DESCRIPTION OF THE EMBODIMENTS
[0023] Reference will now be made in detail to the present
preferred embodiments of the invention, examples of which are
illustrated in the accompanying drawings. Wherever possible, the
same reference numbers are used in the drawings and the description
to refer to the same or like parts.
[0024] FIG. 1 is a schematic view illustrating a server according
to an embodiment of the invention. In this embodiment, a server 110
is, for example, a cloud server, a network storage space, or other
servers that allow remote file storage from a client terminal. The
server 110 includes a storage unit 112, a network unit 114, and a
processing unit 116. The storage unit 112 is, for example, a random
access memory (RAM), a read-only memory (ROM), a flash memory, a
hard disk of any type, or any other similar devices or a
combination thereof, for example, capable of recording a plurality
of programming codes or modules. The type of the storage unit 112
is not limited in the invention.
[0025] The network unit 114 is a communication unit capable of
receiving data from another network device or transmitting data to
a communication unit of another network device based on any network
protocol. However, the embodiments of the invention are not limited
thereto.
[0026] The processing unit 116 is coupled to the storage unit 112
and the network unit 114. The processing unit 116 may be a general
purpose processor, a specific purpose processor, a conventional
processor, a digital signal processor, a plurality of
microprocessors, one or more microprocessors combined with a
digital signal processing core, a controller, a microcontroller, an
application specific integrated circuit (ASIC), a field
programmable gate array (FPGA), integrated circuits, state
machines, advanced RISC machine (ARM) processors of any kind and
similar devices.
[0027] In an embodiment, a client terminal 120 may mount an iSCSI
target on the server 110 through an Internet small computer system
interface (iSCSI) protocol. In this way, the client terminal 120
(or an iSCSI initiator) may use the server 110 as a local hard
disk. When the client terminal 120 stores a file in the local disk
(i.e., the server 110), the client terminal 120 sends data
associated with the file to the server 110.

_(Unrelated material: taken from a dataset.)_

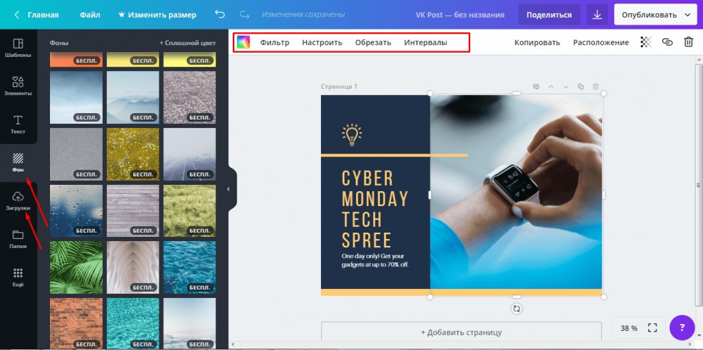 3) Найдите подходящие визуальные эффекты для своей публикации, используя встроенную библиотеку фотографий Canva.

[0028] At this time, the processing unit 116 may access a receiving
module 112_1, a calculating module 112_2, a determining module
112_3, and a generating module 112_4 in the storage unit 112 to
execute a network storage deduplicating method according to the
invention to improve a usage efficiency of a storage space of the
server 110.
[0029] FIG. 2 is a flowchart illustrating a network storage
deduplicating method according to an embodiment of the invention.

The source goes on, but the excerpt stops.